Sender-Service Failure, Exception-Handling Hot-Fix & Event-Driven Redesign

Current structure
- SenderService is implemented as a Hosted Service.
- Inside ExecuteAsync they launch the “main loop” with Task.Run.
- The loop is a while (true) that:
- Queries the DB for executable rows.
- Filters by cluster (two Kafka clusters: Netherlands, France).
- Checks whether the associated Kafka topic already exists in the local cluster.
- Sends / processes messages accordingly.
Original bug
- No surrounding try–catch in the Task body.
- Any exception (DB outage, Kafka error, business-logic bug) bubbles out → the Task faults silently.
- ❌ No logging, ❌ no restart, ❌ no Nomad alert → all Dutch instances died and stopped processing.
- Root cause still unknown because nothing was logged.
Hot-fix
- Wrapped the whole loop with try–catch.
- On catch:
- Log the exception (to standard logger + centralised logs).
- Continue the loop so the service stays alive.
Future-proofing ideas
- Introduce a threshold counter. After $N=5$ consecutive exceptions → deliberately throw so that the container crashes and Nomad restarts it.
- Re-examine all usages of Task.Run across code-base (Execution Initialiser, Dispatcher, …) to ensure identical protection.
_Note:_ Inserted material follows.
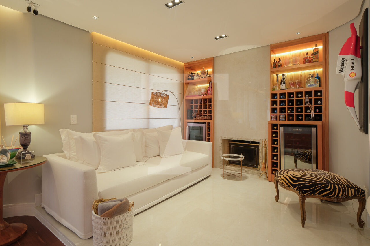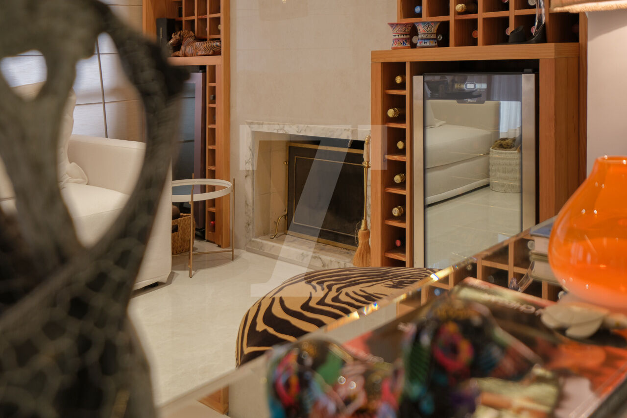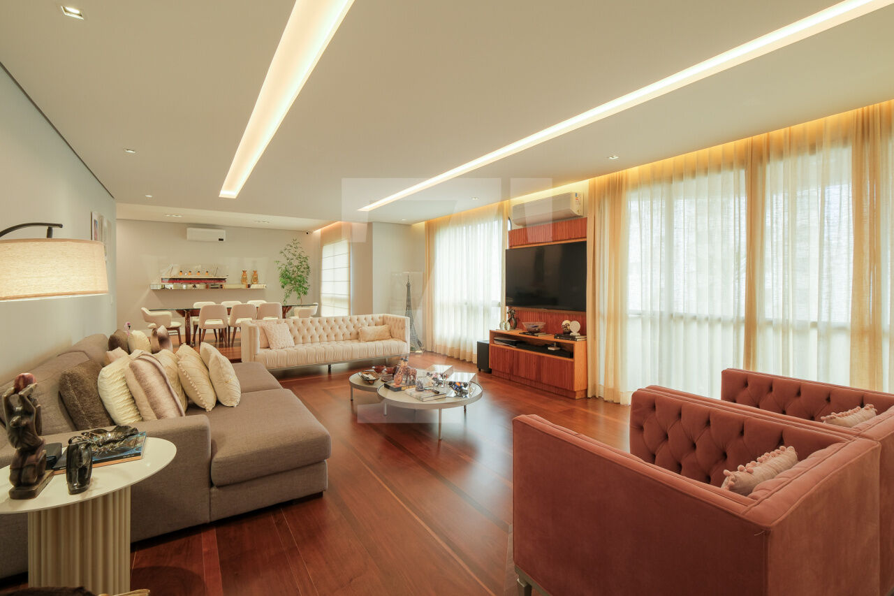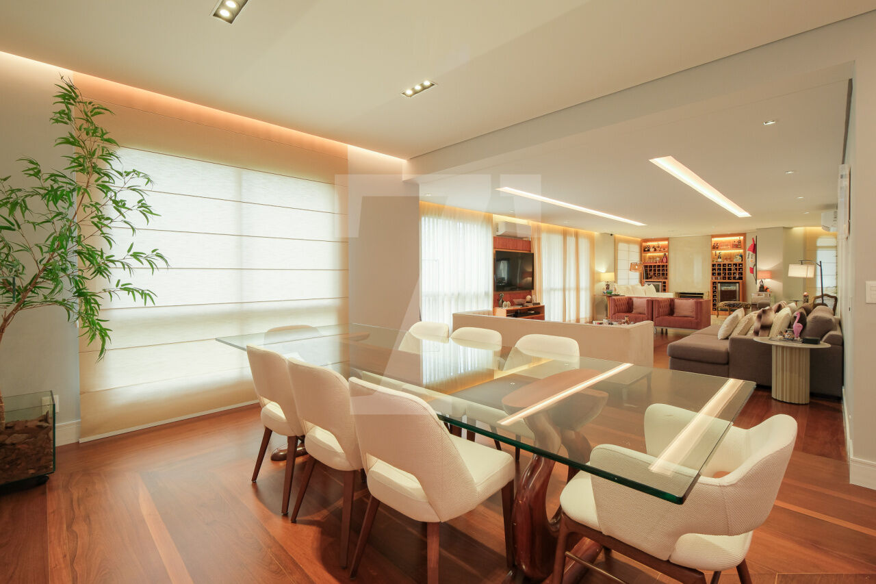 Hall privativo se abre para a distribuição de entrada, à esquerda temos a área intima ao centro temos a sala de brinquedos e à direita amplo living, para vários ambientes, com varanda. Na área intima temos 3 suites e 1 escritório, a máster conta com closet e varanda. Cozinha, sala de almoço, área de serviço e dependências completas de funcionária. 4 Vagas.

General company practice: "fail-fast & let the orchestrator restart".
Open questions
- How many consecutive crashes before Nomad gives up? (Unclear / needs confirmation.)
- Would repeated restarts hide real problems or overload on-call? Balance with the threshold approach.
Possible implementation
- Global utility wrapper e.g. RunWithRestartPolicy(Func<Task>) used everywhere instead of raw Task.Run.
- Emits Slack alerts every time it enters the catch; after $\ge 5$ → Environment.Exit(1).

Dispatcher
- Detects eligible executions after preparation_time.
- Publishes an execution-dispatch message.
Data Preparer
- Receives dispatch.
- Flushes data rows into per-execution Kafka topic exec_{id} (creates the topic on first flush).
- For some types (Message-Center) finishes the job itself without involving Sender.
Sender
- Performs periodic DB polling:
1. Selects executions whose delivery_date <= NOW().
2. Ensures the per-execution topic exists in its cluster.
3. Starts consuming / sending.

Symptom: executions were skipped, no messages sent.
Deep dive
1. Sender’s SQL has WHERE delivery_date <= NOW().
2. The failed executions were inserted after their delivery_date (already in the past) → never returned by the query.
3. Even if the record exists, the Sender also requires the topic to exist. Topic is created only when Data-Preparer first flushes data. Under heavy load this can lag → execution briefly invisible to Sender and skipped.
Quick mitigation agreed
- Expand the SQL window by +1 hour (i.e. accept delivery_date <= NOW() + INTERVAL '1 hour').
- Reduces but does not eliminate risk.

Replace DB-polling with event signalling:
- Data-Preparer, once it is certain the Kafka topic is created, publishes a “execution-ready” message to a new lightweight topic, e.g. exec.ready.
- Sender consumes that topic and starts processing immediately.
Guarantees / design points
- Needs exactly-once delivery (easy: single message per execution, low volume, can enable Kafka transactions).
- Must ensure topic truly exists before emitting ready-message (check via ListTopics, or create-if-missing then confirm).
- Concern about long-running consumers not committing offsets quickly: belief is that as long as heartbeats continue, Kafka is fine. ( precedent: abandoned-cart consumer keeps 45-min gaps )
Benefits
- Eliminates heavy DB polling (performance, scalability).
- Removes race condition between record insertion and topic creation.
- Clearer, event-driven flow; easier to reason about.
Challenges / To-dos
- Cross-team design session (need Nidal, Batteries, etc.).
- Refactor Data-Preparer / Sender; add transactional publish; add fallback when Sender is down for hours (spam-protection, TTL, etc.).

Topic creation logic today lives in DataPreparer.Flush():
- Call TryCreate(topicName, partitionCount, retention) every flush.
Alternative spots considered:
- Dispatcher could pre-create topics earlier, but increases coupling.
Any change must still allow Sender to pull extra metadata from DB (templates, lists), so DB access cannot be fully removed.

Netherlands & France clusters: topic-existence check is cluster-specific.
Nomad behaviour (continuous crash loop vs. back-off) still to be confirmed.
Vacation schedule: Maxim off tomorrow afternoon; can start the refactor but may hand over to Sergei.
Breakfast interruption caused 10 min audio drop – no technical content lost.